(INFORMATION SUPPLIED)

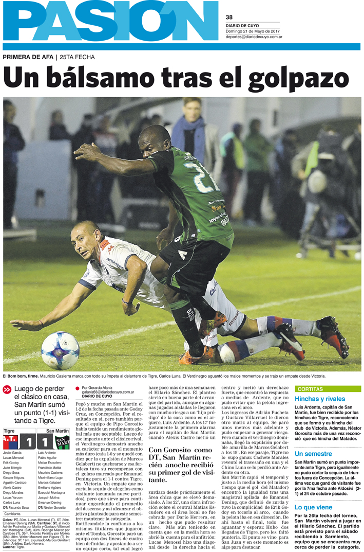 Diario de Cuyo | HOME | Noticias Tapa Pasión 21 de Mayo del 2017 Por Redacción Diario de Cuyo 21/05/2017 · 0:00 Escuchar la noticia Escuchar la noticia Your browser doesn’t support HTML5 audio Ver los comentarios ›
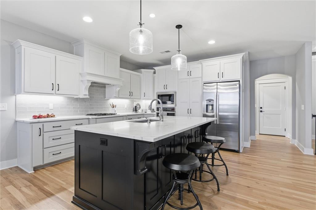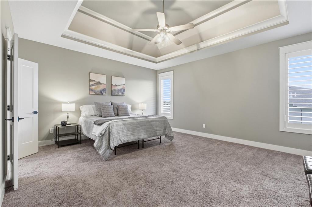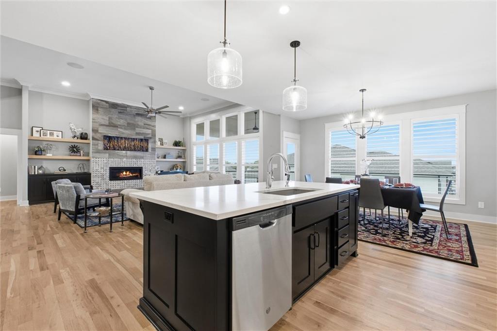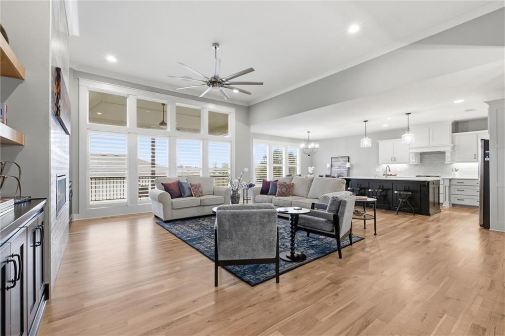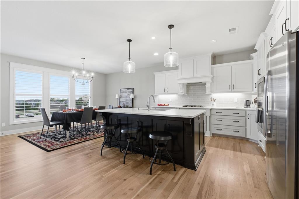 Experience refined living in this exceptional reverse 1.5-story former model home, thoughtfully designed with every upgrade and detail in mind. Perfectly situated on a desirable corner lot within a highly sought-after community and top-rated school district, this residence blends timeless elegance with modern comfort. The main level showcases tall ceilings and an expansive open-concept design, where the living area flows effortlessly onto a covered deck—ideal for morning coffee or evening relaxation with a view. An additional main-floor bedroom offers flexibility for a guest suite or private home office. The luxurious primary suite provides a tranquil retreat, featuring a spa-inspired ensuite with a soaking tub, walk-in shower, and elegant finishes. The lower level is an entertainer’s dream, boasting generous living space, two additional bedrooms, and two full baths—perfect for hosting guests or creating a private family retreat. Exceptional storage abounds, including an impressive, fully excavated area beneath the garage with epoxy flooring—an ideal space for a workshop, fitness area, or additional storage. A three-car garage and full sprinkler system complete this remarkable home, where sophistication meets comfort in every detail.
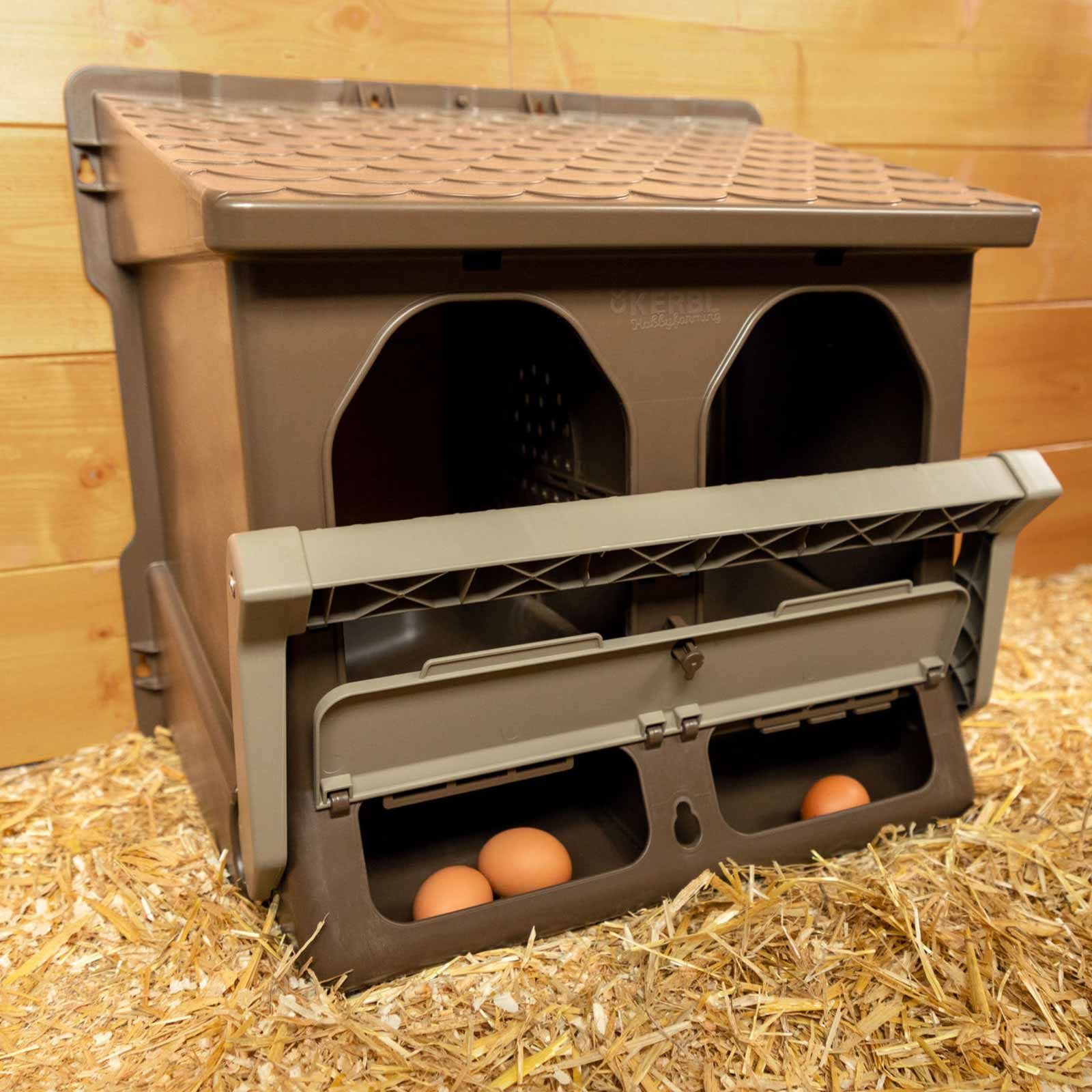 Tack vare en invändig skiljevägg kan värpredena delas upp i två inredningsfack ruvningsfack. Dubbelboet har en stor äggtank med hög kapacitet som rymmer upp till 10 ägg per redefack. Den låsbara inspektionsluckan gör det enkelt att inspektera, medan det sluttande golv säkerställer enkel borttagning av äggen.
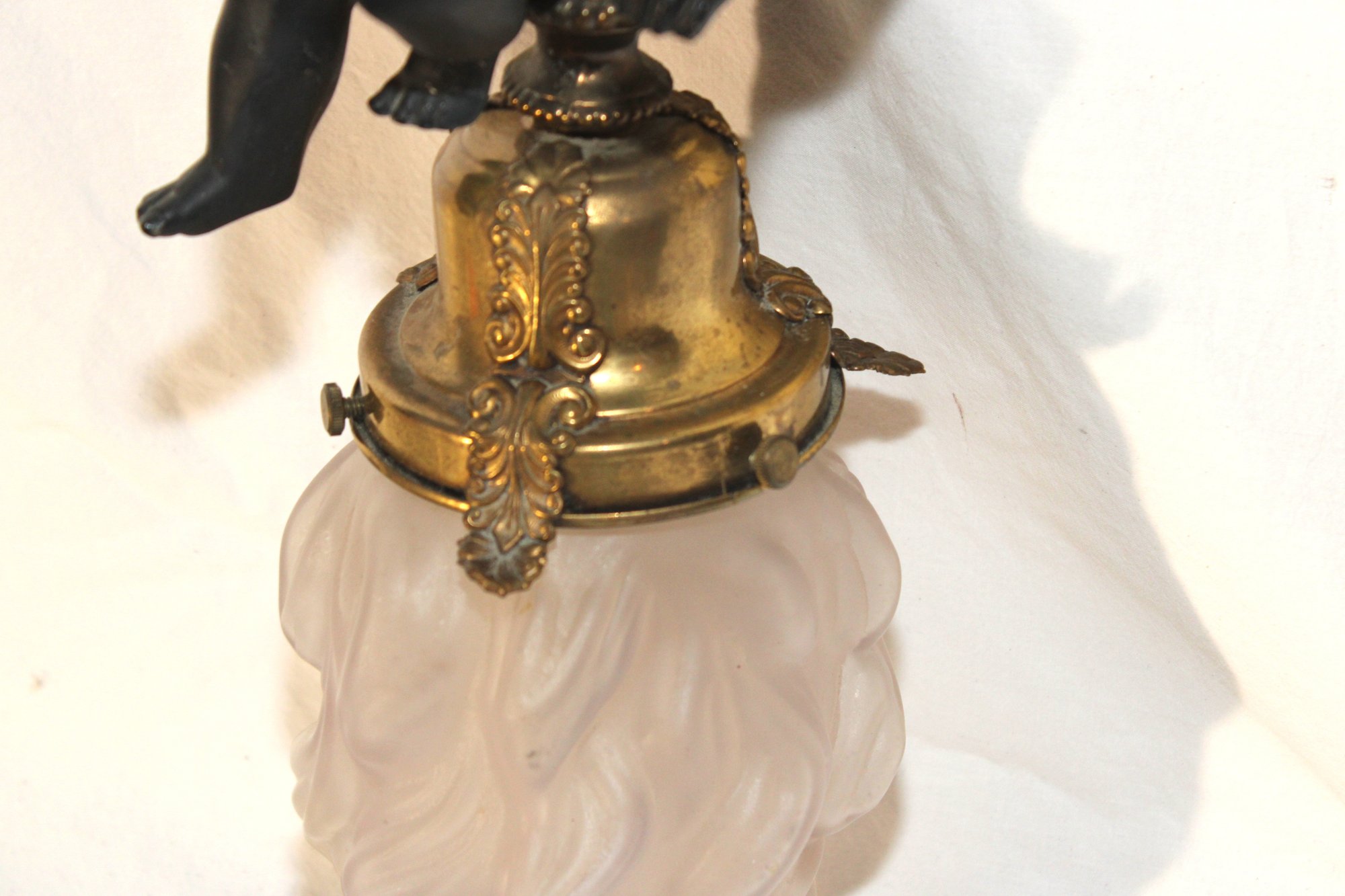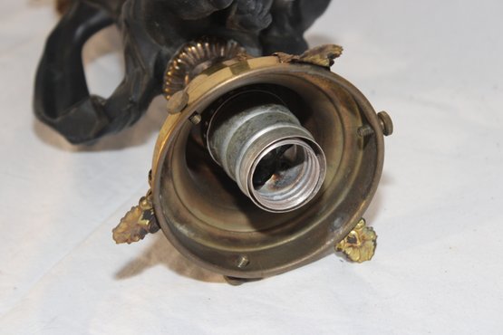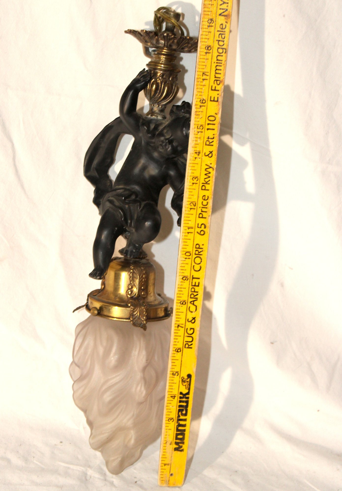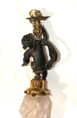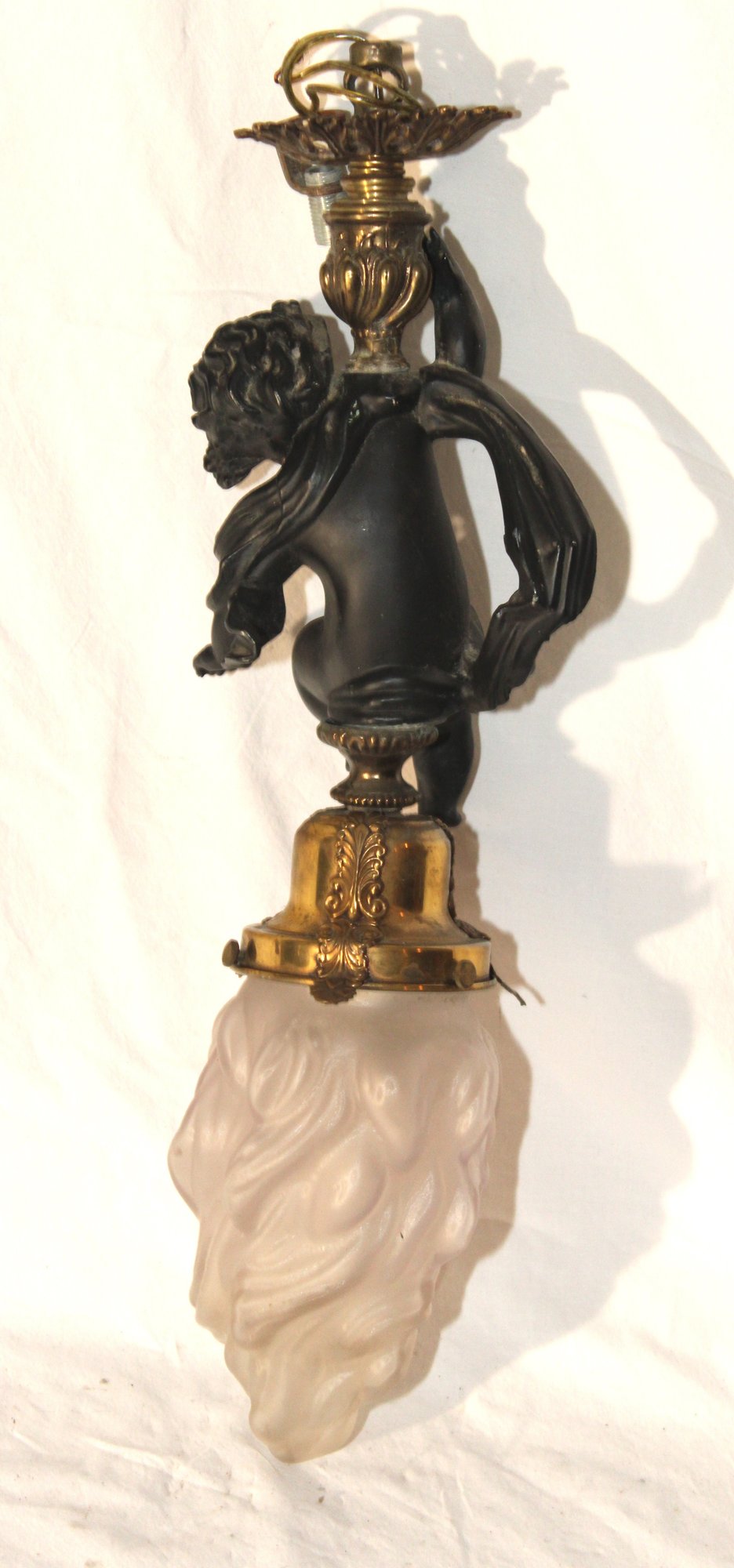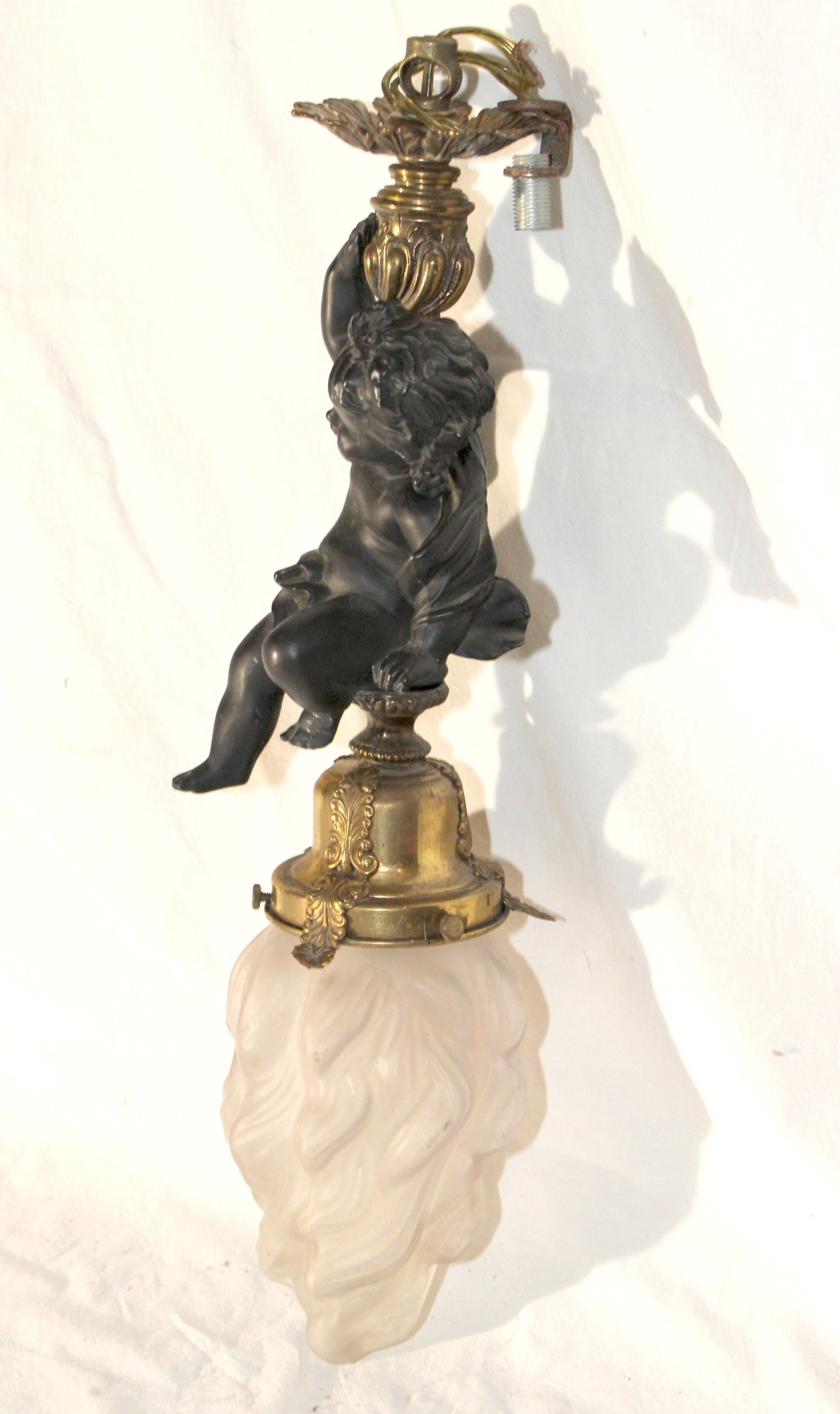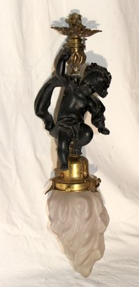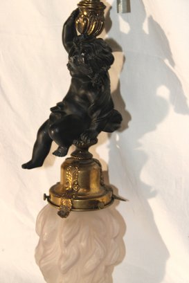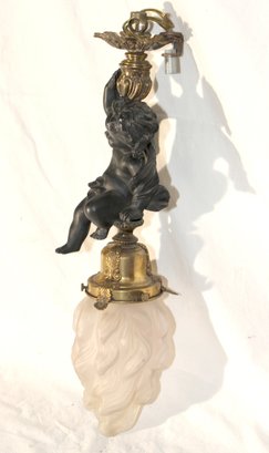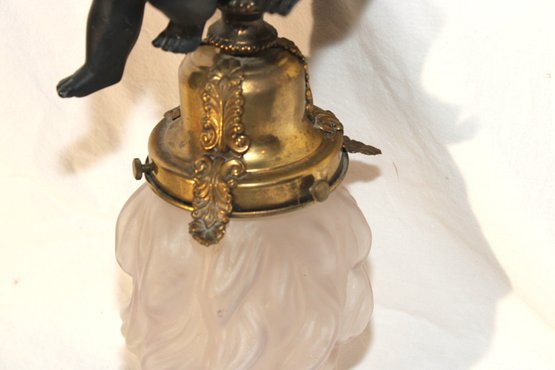 Vintage Cherub Hanging Ceiling Light W/ Glass Torch Shade (B-50)

(End INFORMATION SUPPLIED)

# [PROBLEM]
Return each line from the material above exactly, but not the pictures.

# [ANSWER BOX]
 Diario de Cuyo | HOME | Noticias Tapa Pasión 21 de Mayo del 2017 Por Redacción Diario de Cuyo 21/05/2017 · 0:00 Escuchar la noticia Escuchar la noticia Your browser doesn’t support HTML5 audio Ver los comentarios ›
 Experience refined living in this exceptional reverse 1.5-story former model home, thoughtfully designed with every upgrade and detail in mind. Perfectly situated on a desirable corner lot within a highly sought-after community and top-rated school district, this residence blends timeless elegance with modern comfort. The main level showcases tall ceilings and an expansive open-concept design, where the living area flows effortlessly onto a covered deck—ideal for morning coffee or evening relaxation with a view. An additional main-floor bedroom offers flexibility for a guest suite or private home office. The luxurious primary suite provides a tranquil retreat, featuring a spa-inspired ensuite with a soaking tub, walk-in shower, and elegant finishes. The lower level is an entertainer’s dream, boasting generous living space, two additional bedrooms, and two full baths—perfect for hosting guests or creating a private family retreat. Exceptional storage abounds, including an impressive, fully excavated area beneath the garage with epoxy flooring—an ideal space for a workshop, fitness area, or additional storage. A three-car garage and full sprinkler system complete this remarkable home, where sophistication meets comfort in every detail.
 Tack vare en invändig skiljevägg kan värpredena delas upp i två inredningsfack ruvningsfack. Dubbelboet har en stor äggtank med hög kapacitet som rymmer upp till 10 ägg per redefack. Den låsbara inspektionsluckan gör det enkelt att inspektera, medan det sluttande golv säkerställer enkel borttagning av äggen.
 Vintage Cherub Hanging Ceiling Light W/ Glass Torch Shade (B-50)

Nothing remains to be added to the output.